You must recognize that stocks move in distinct price cycles. Movements between parallel lines characterize these cycles. What you want to do is identify a price channel or a price cycle (these terms are used interchangeably). The way to identify a price channel is to draw two lines (preferably parallel) connecting the bottoms and the tops of a chart. A good source for free charts on the Internet is BigCharts. If you select "Java Chart" and then check "Draw Trendlines," you will be able to draw cycles on the chart. For covered calls, you should assess a stock using a 12-month chart.

Upward Price Cycles
In an upward cycle, the tops of the cycle are getting higher and the bottoms are also getting higher. An upward cycle has higher tops and higher bottoms. Start by drawing a line connecting the bottoms on the chart, because the buyers are in control of the market and driving prices higher. Then attempt to identify the top of the price cycle by drawing a line that is parallel to the bottoms. Note: Assessing cycles is not an exact science and absolute accuracy is not a contributing factor to the success of Compound Stock Earnings' techniques for covered calls.

Downward Price Cycles
In a downward cycle, the tops of the cycle are getting lower and the bottoms are also getting lower. Start by drawing a line connecting the tops on the chart, because the sellers are in control of the market and driving prices lower. Then attempt to identify the bottom of the cycle by drawing a line that is parallel to the tops. Again note that absolute accuracy is not needed to achieve excellent results with Compound Stock Earnings' covered call techniques.

Horizontal Price Cycles
In a horizontal cycle, the tops and bottoms are not getting substantially higher or lower.
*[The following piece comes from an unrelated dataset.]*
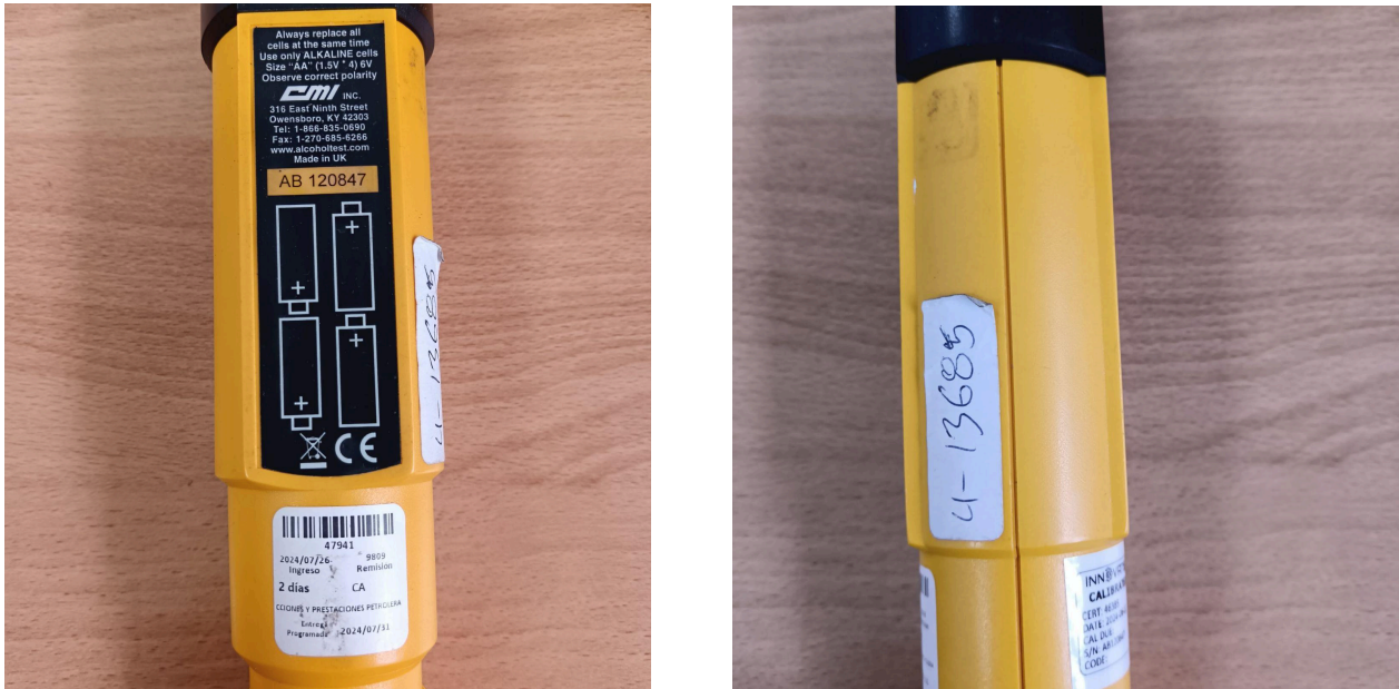
Fig. 1 Vista general del Equipo (Vista frontal y posterior)

A horizontal cycle has relatively stable tops and bottoms. In a horizontal cycle, the market is in consolidation and it is not important which line is drawn first.
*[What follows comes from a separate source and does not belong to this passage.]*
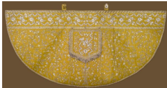
3. kép: Mária Teréziától kapott palást.

A kötet egészéről azt mondhatjuk, hogy az eseményhez és a gyűjteményhez méltó kivitelben készült el. A kiállítási installáció kitűnően sikerült. A tárgyakról precíz leírásokat és kifogástalan minőségű felvételeket találhatunk. Használatával sokkal inkább kitárulnak szemünk előtt a bemutatott darabok részletei és titkai. Talán az ötvösmunkákhoz készülhetett volna olyan általános bevezetés, mint amilyen a liturgikus textíliákat mutatja be. Azt pedig különösen sajnálhatjuk, hogy a katalógus nem készült el a kiállítás megnyitójára, mert bizonyosan sokakat segített volna a bemutatott darabok megismerésében és megértésében. Megjelentetése azonban így is méltó módon segíti elő az emlékezést a korábban látott kiállításra. A két püspökséget és a Déri Múzeumot, a katalóguson dolgozó szakembereket természetesen így is elismerés illeti, hogy a kálvinista Rómába elhozták és bemutatták ezt a páratlan szépségű gyűjteményt.

How to Use Price Cycles with Covered Calls
The concept is simple. When selling covered calls, you want to be confident the stock price is moving sideways or up. Remember, if the stock price moves sideways you can sell new covered calls each month and receive a steady 3 - 6% cash flow per month. If the stock moves up, your covered call is exercised and your stock is called out, meaning it is bought by the person to whom you sold the covered call. You then have the 3 - 6% cash return plus all your money back from the stock, and you can execute new covered calls.